[Stored data]
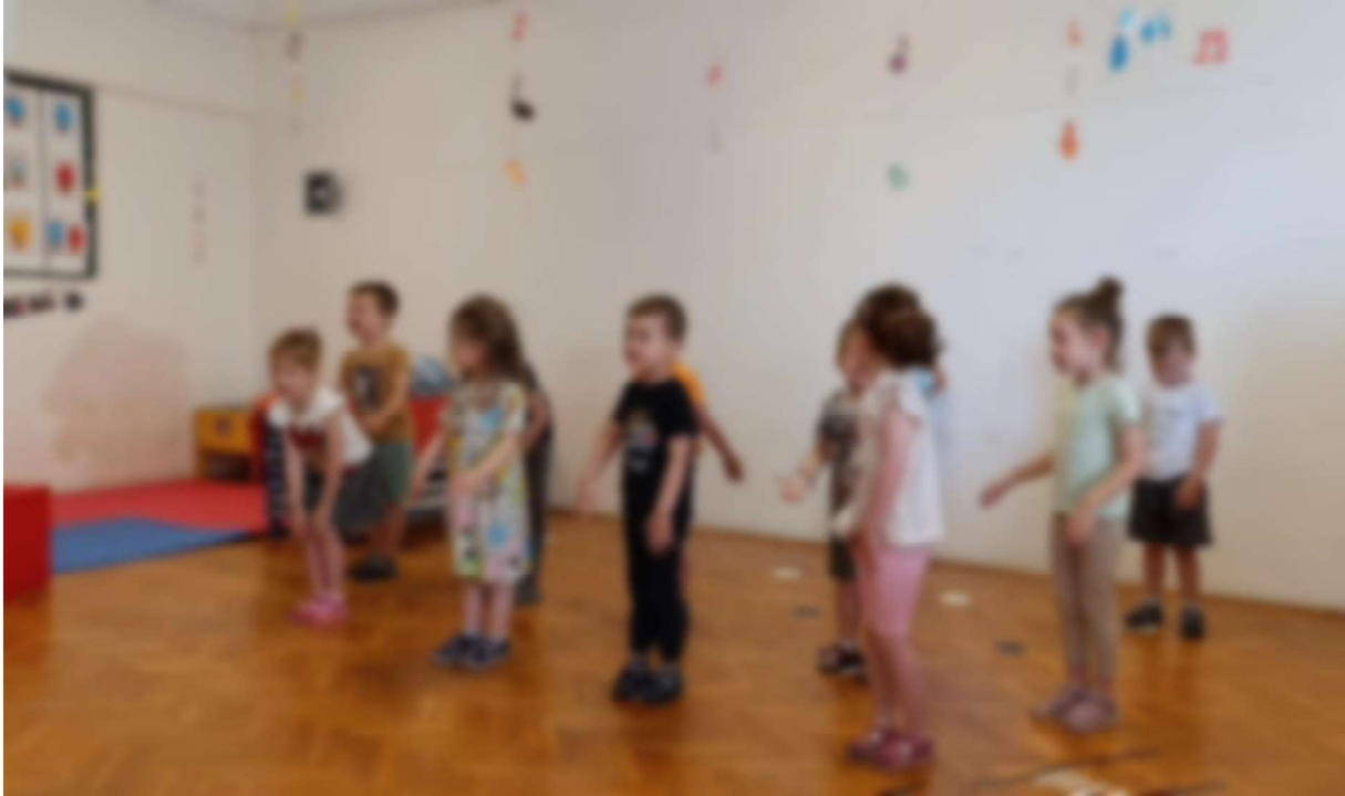
Slika 13. Pačji ples
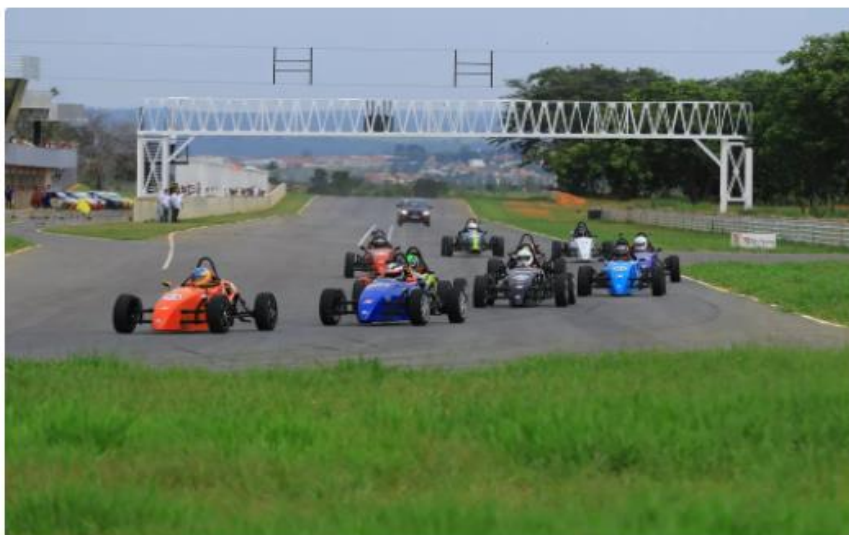
Provas acontecem no domingo, no autódromo de Curvelo
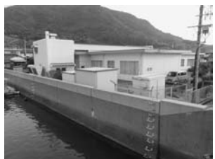
高潮対策が望まれる向島公民館

市長 平成11～14年度に離岸堤整備、平成16～18年度に鋼管防波堤整備、平成24年度は郷ヶ崎東区の一部で護岸の高上げ、消波ブロック設置などを行った。今後も施設改良や老朽化対策など海岸保全に努める。
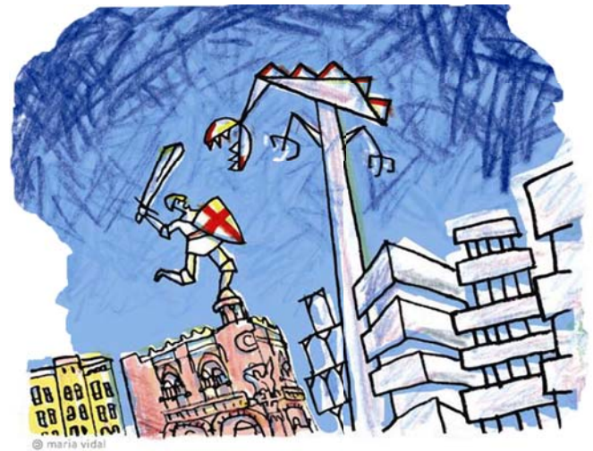
Autor: Maria Vidal

També ens pregunten: Com s'entén que les administracions, Estat, Generalitat de Catalunya i Ajuntament de Barcelona pactin amb el Sr. Millet imputat, temps enrere, en altres afers considerats delictius? Com és que l'Ajuntament modifica el Pla General Metropolità per fer l'hotel beneficiant al Patronat del Palau quan la propietat dels edificis son ja de la cadena Olivia-Hotels?
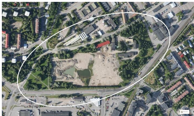
Kuva 2. Ilmakuva suunnittelualueesta

Asemakaavanmuutos laaditaan kartassa osoitetulle alueelle Iso-Heikkilän kaupunginosaan, vuonna 2009 lakkautetun vedenpuhdistamon alueelle ja osalle Vaasanpuistoa. Suunnittelu- aluetta rajaavat Kirstinkatu idässä, Tukholman- katu kaakossa, Pansiontie etelässä, Vaasantie lännessä ja Ruissalontie pohjoisessa. Alueen koko on n. 9,9 ha.
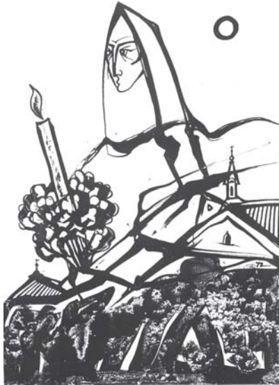
TÓTH LAJOS: Ima

A mélyülő éjszaka hallgat, beborítja a kertet, a lelket sötét takaróval.
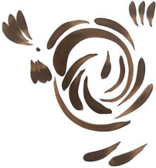
Resim 3.10. Çarkıfelek motifinden yola çıkışlı horoz motifi. Teknik: Guaj boya, 2019.
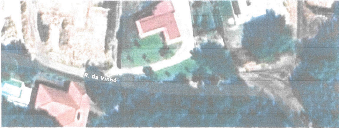
Foto 2. Troço da Rua da Vinhó a ser pavimentado

que se encontra com piso térreo e que no inverno o piso fica irregular e alagado.
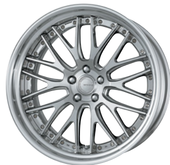
コンポジットパフブラッシュド (PBU) 21 (STEP RIM)
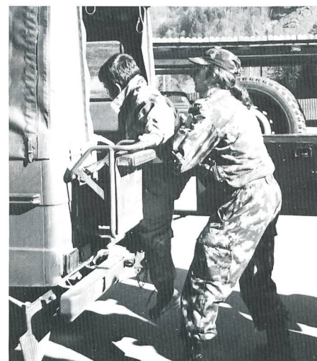
Mit viel Einsatz und Begeisterung bei der Arbeit während der Übung «Schneemann».
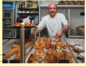
une baguette un croissant
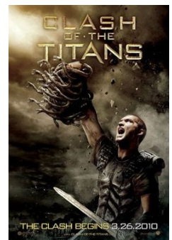
Des films sur l'histoire de Persée
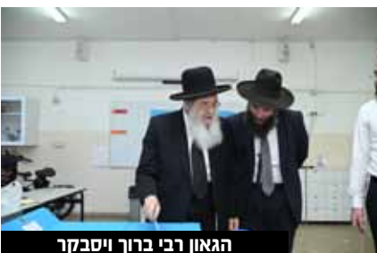
הגאון רבי ברוך ויסבקר
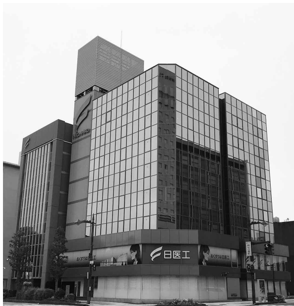
日医工の本社（富山市）

基本合意書を締結したのは、ジャパン・インダストリアル・ソリューションズ第参号投資事業有限責任組合（TSR企業コード：693795123、千代田区）。日医工に対して、最大200億円を出資する意向があるという。
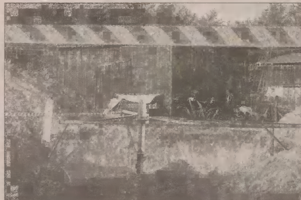
Pięć metrów od gospodarstwa Żychlińskiego wykopano dół pod przyszły maszt.
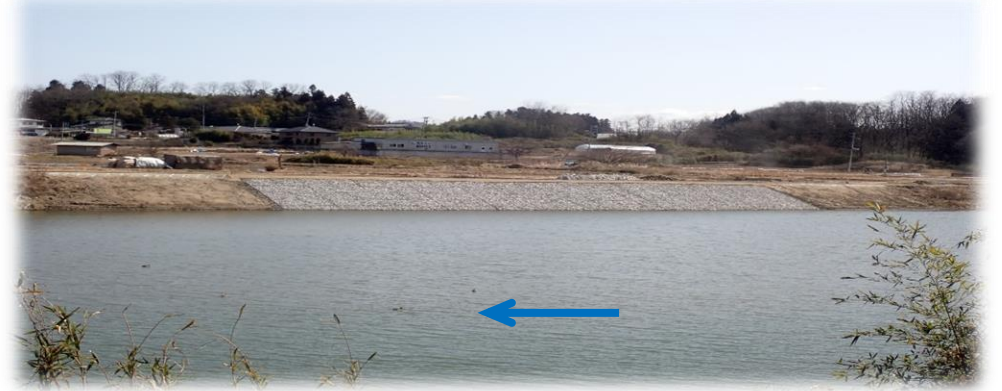
左岸から右岸を望む
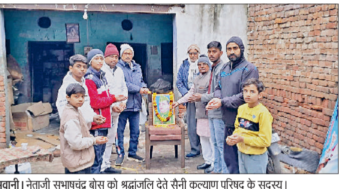
भिवानी। नेताजी सुभाषचंद्र बोस को श्रद्धांजलि देते सैनी कल्याण परिषद के सदस्य।
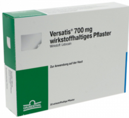
PZN: 15631580 Versatis 700mg 20 wirkstoffhaltiges Pflaster
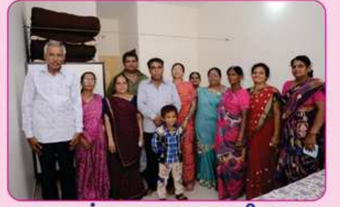
રૂમ નં. ૩ ના દાતા પરીવાર
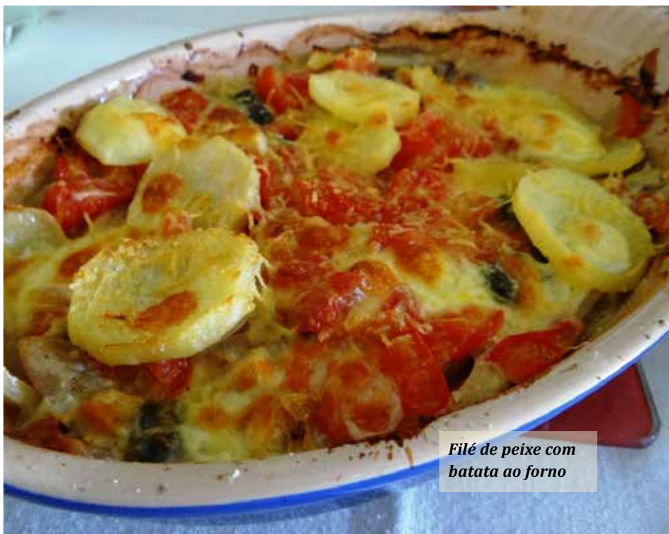
Filé de peixe com batata ao forno

Corte as batatas em rodela com cerca de 1cm de espessura, temperadas com sal e pimenta do reino e coloque-as em um
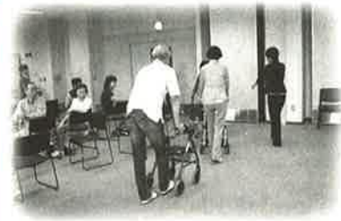
この日は福祉用具の事を学びました。 ③すまいるケア教室
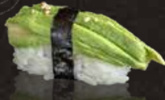
220 牛油果 $28 Avocado アボカド
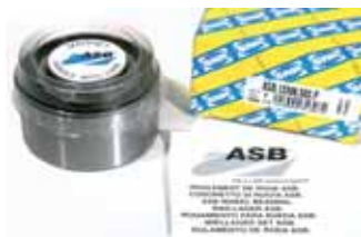
Подшипник ASB® с техническим описанием и с защитной крышкой.
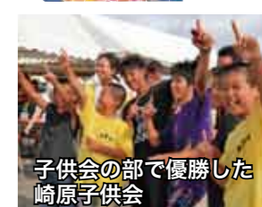
子供会の部で優勝した崎原子供会
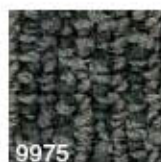
9975 L 30,52 RLV 6,45
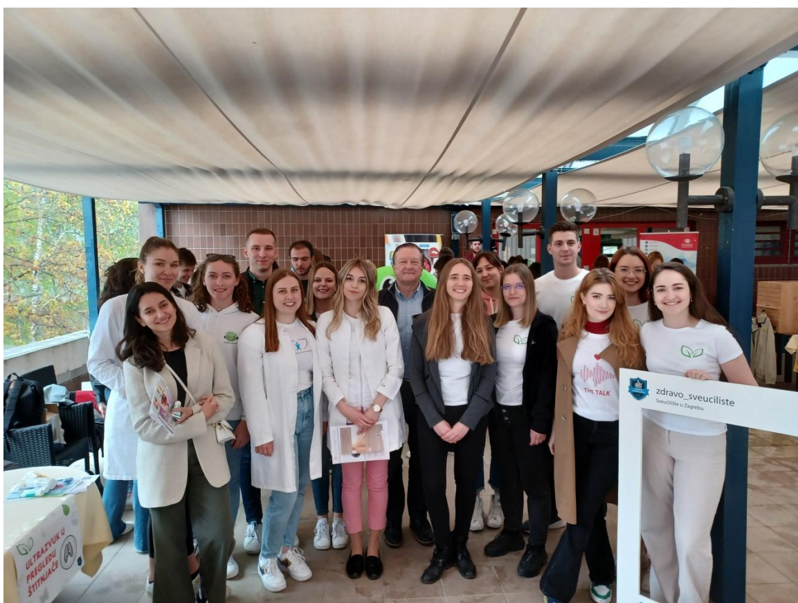
Slika 10. Studenti s rektorom, prof.dr.sc. Damirom Borasom
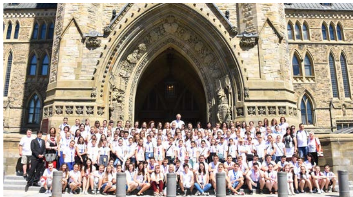
Kanada, az Ottawai Parlament előtt 2017. június 26.
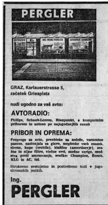
V Gradcu vam strokovno postrežemo v jugoslovanskih jezikih, tudi v Trstu s tem nimamo težav. Delo , 1. 5. 1972, str. 23.
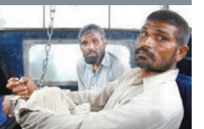
二人曾在2011年被捕。
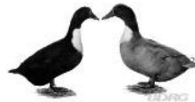
Pommernenten blau 1.2 jung
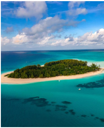
SNORKELLING & CHILL SUR L'ATOLL DE MNE MBA

▶ **Activity**: Leaving each picture behind, please give again exactly the lines above from the one with "A mélyülő éjszaka" through the one with "日医工の本社（富山市）", both included, and no others.

▶ **Answer area**:
A mélyülő éjszaka hallgat, beborítja a kertet, a lelket sötét takaróval.
Resim 3.10. Çarkıfelek motifinden yola çıkışlı horoz motifi. Teknik: Guaj boya, 2019.
Foto 2. Troço da Rua da Vinhó a ser pavimentado

que se encontra com piso térreo e que no inverno o piso fica irregular e alagado.
コンポジットパフブラッシュド (PBU) 21 (STEP RIM)
Mit viel Einsatz und Begeisterung bei der Arbeit während der Übung «Schneemann».
une baguette un croissant
Des films sur l'histoire de Persée
הגאון רבי ברוך ויסבקר
日医工の本社（富山市）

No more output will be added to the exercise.